Глаза-то были сонными,
И разговор все был про то ж,
беседы шли сезонные.
Описание неизменного скопища пассажиров завершает недоуменное признание:
А мат, который прозвучал,
Неясно что обозначал [89] .
Вне зависимости от того, предполагал ли Евтушенко корреспонденцию своего стихотворения с "Пробой" (что вполне вероятно), у Самойлова приглушенная отсылка к "Граждане, послушайте меня…" актуализировала и текст Слуцкого (ту же историю о единстве-разобщенности поэта и "жующей" толпы, поданную не в исповедально-гражданской, как у Евтушенко, а в гражданско-исповедальной тональности). Если реминисценции Маяковского окрашивают лишь начало "Поэта и гражданина" (прикрывая более злободневные аллюзии на стихи Евтушенко и Слуцкого), а Евтушенко в зачине цитируется скрыто и однократно (потом, впрочем, появится еще одна реминисценция – тоже не предполагающая мгновенного распознавания), то мотивы Слуцкого распылены по всему тексту.
Баня, с вопроса о которой начинается "Поэт и гражданин", воспета Слуцким в одноименном стихотворении (впервые – "Октябрь", 1955, № 2), одном из тех, что мгновенно прославили автора.
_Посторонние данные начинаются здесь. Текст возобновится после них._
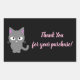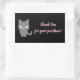 A customisable cute black Thank You rectangle sticker with gray cat to express your appreciation towards your customers for purchasing your products. Your customers will love these thank you stickers.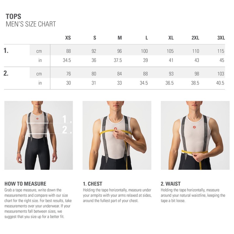 - SIZING: Castelli products have a close-to-the-body fit to maximize aerodynamics and performance. For a less compressive feel, or if your measurements fall between sizes, we recommend that you size up.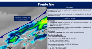 Mérida, Yucatán, 22 de diciembre de 2022.- Ingresa en la tarde noche de este viernes el frente frío No. 19 y, posteriormente, masa de aire frío: Procivy. Se esperan nublados y lluvias de diversa intensidad del 23 al 26 de diciembre. Recomiendan autoridades proteger a niños y adultos mayores de cambios drásticos de …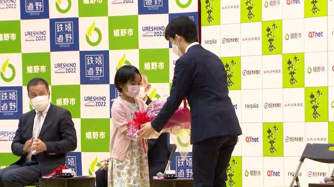 王位戦の対局は、2021年も嬉野市で開催予定でしたが、記録的豪雨のために延期されていて、実際の対局を見るのはまた次の機会となりました。最後に地元の子供たちから花束と記念品を受け取り、ステージをあとにした藤井五冠。延期された王位戦第4局は、今月24日と25日に徳島市で行われます。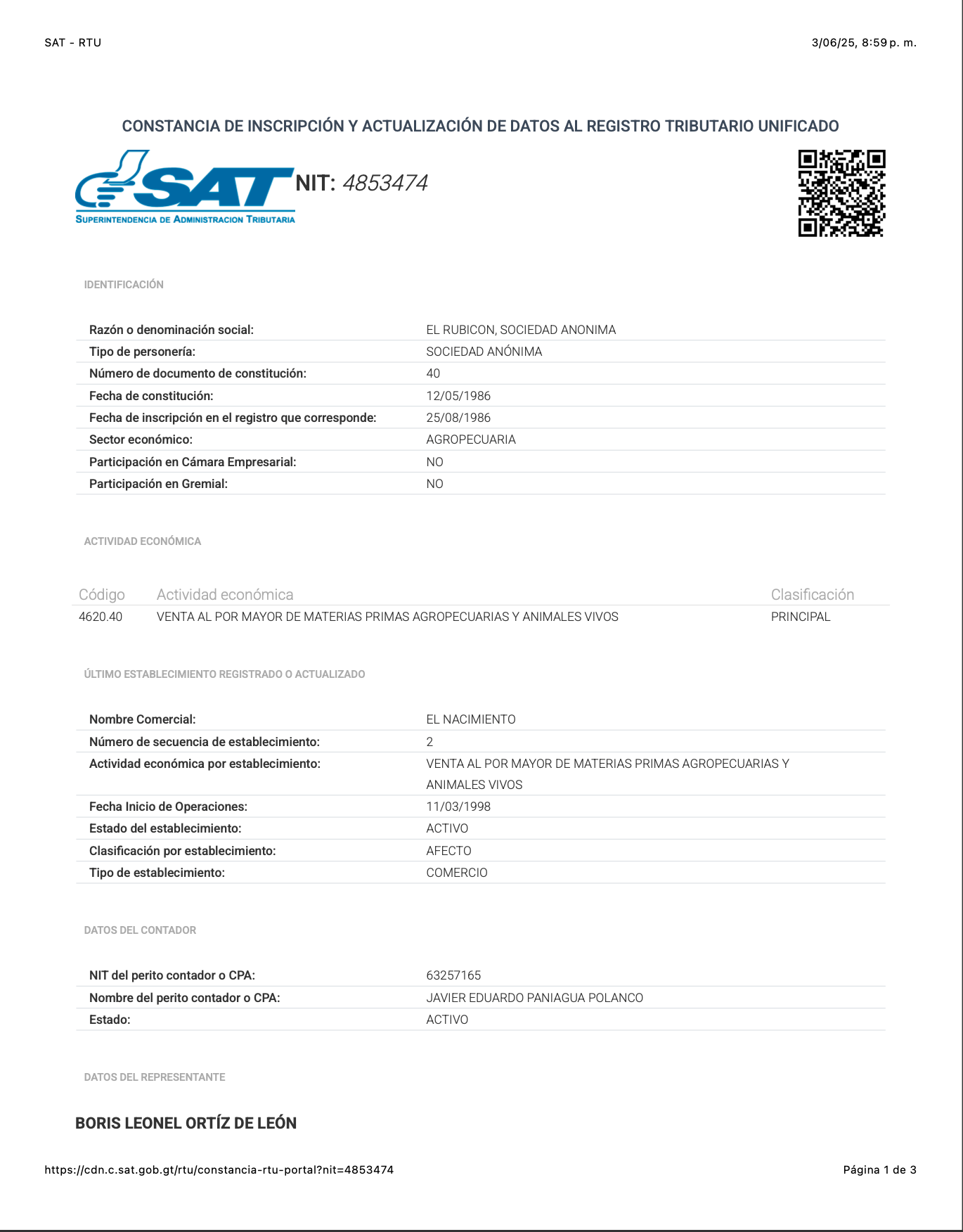 En los registros de la Superintendencia de Administración Tributaria (SAT), Javier Eduardo Paniagua Polanco aparece como el contador de la sociedad El Rubicón, propietaria de la finca El Nacimiento ubicada en las faldas del volcán de Agua en el municipio de Santa María de Jesús en el departamento de Sacatepéquez.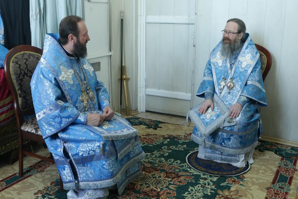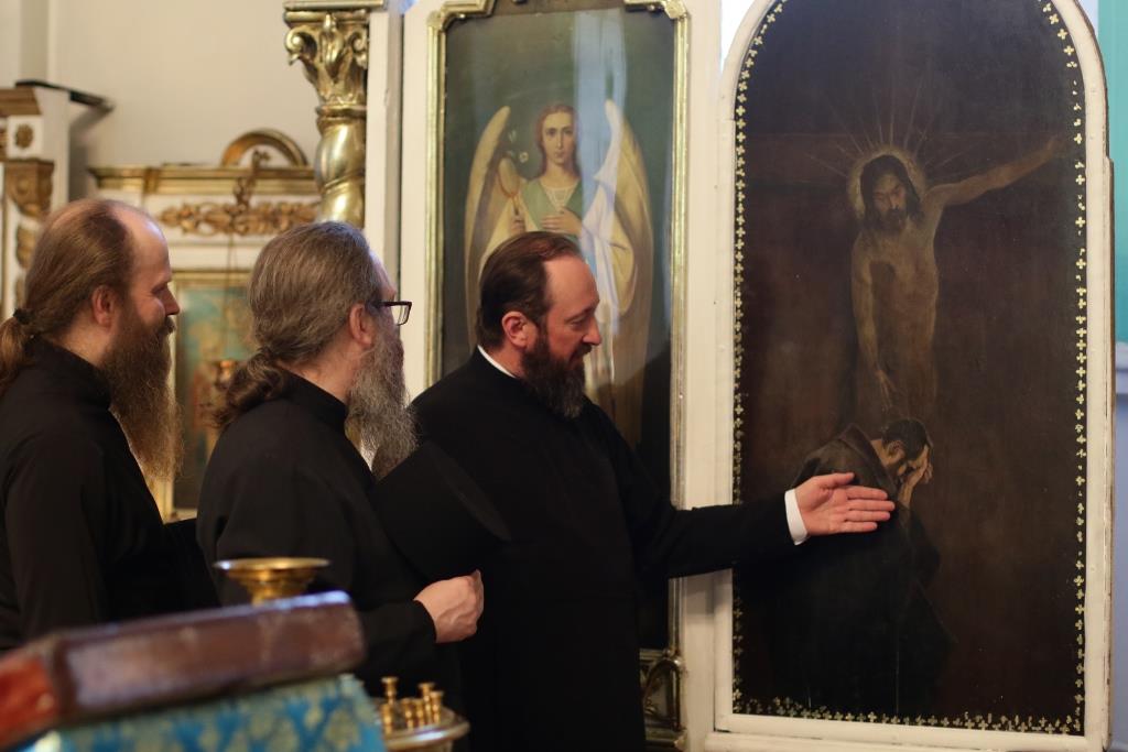 После богослужения архипастыри посетили воскресную школу и церковно-исторический музей при Воскресенском соборе, где ознакомились с экспозицией, посвященной становлению Православия на землях Рудного Алтая.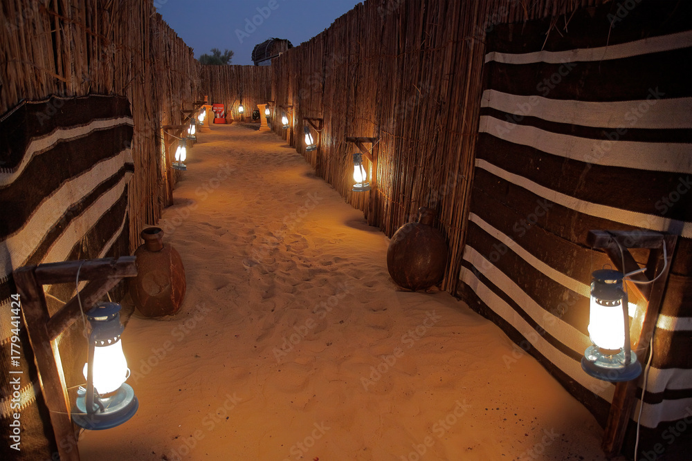 Arabian traditional tent in the middle of the desert for a family gathering in Dubai, United Arab Emirates, with Arab heritage.

Это "районная баня в периферийном городке":
Там ордена сдают вахтерам,
Зато приносят в мыльный зал
Рубцы и шрамы – те, которым
Я лично больше б доверял (1, 119).
Хотя в стихотворении упомянуты и мирные профессии (матрос, портной, горновой), а увечья, восхищенно примечаемые поэтом, могут быть разного происхождения ("Там тело всякого мужчины / Исчеркали / война / и труд"), доминирует все же тема войны. В бане поэт распознает тех настоящих людей, с которыми он, даже если не знаком, связан общностью судьбы, военным братством. "Рубцы и шрамы" – свидетельства достоинства победителей. Уже в 1961 году Самойлов отказывается считать участие в войне индульгенцией. Невозможное для публикации стихотворения "Если вычеркнуть войну…" строится на полемике со Слуцким. Война не искупленье грехов поколения Самойлова и Слуцкого, а "что-то вроде искупленья"; доблесть воевавших не гражданская, а "как бы гражданская"; "арифметические" строки "Правота одной десятой, / Низость прочих девяти" расшифровываются (тоже с помощью арифметики):
Ведь из наших сорока
Было лишь четыре года,
Где нежданная свобода
Нам, как смерть, была сладка… (119–120) -
тут вспоминаются и роль числительных в "точной" поэзии Слуцкого, и его апология фронтовиков "Ордена теперь никто не носит…":
А война – была.
Четыре года.
Долгая была война (1, 80).
Наконец Самойловым прямо оспаривается главная мысль "Бани":
"Если спросят нас юнцы,
Как мы жили, чем мы жили,
Мы помалкиваем или
Кажем раны и рубцы" (119–120).
Мемуарный очерк "Горняшка" Самойлов завершил рассуждением о состоянии "преднравственности",
...
когда, в сущности, для человека нет выбора между высшим и низшим либо в силу неразвитости, либо по принятому решению соучаствовать в определенной исторической или просто конфликтной ситуации.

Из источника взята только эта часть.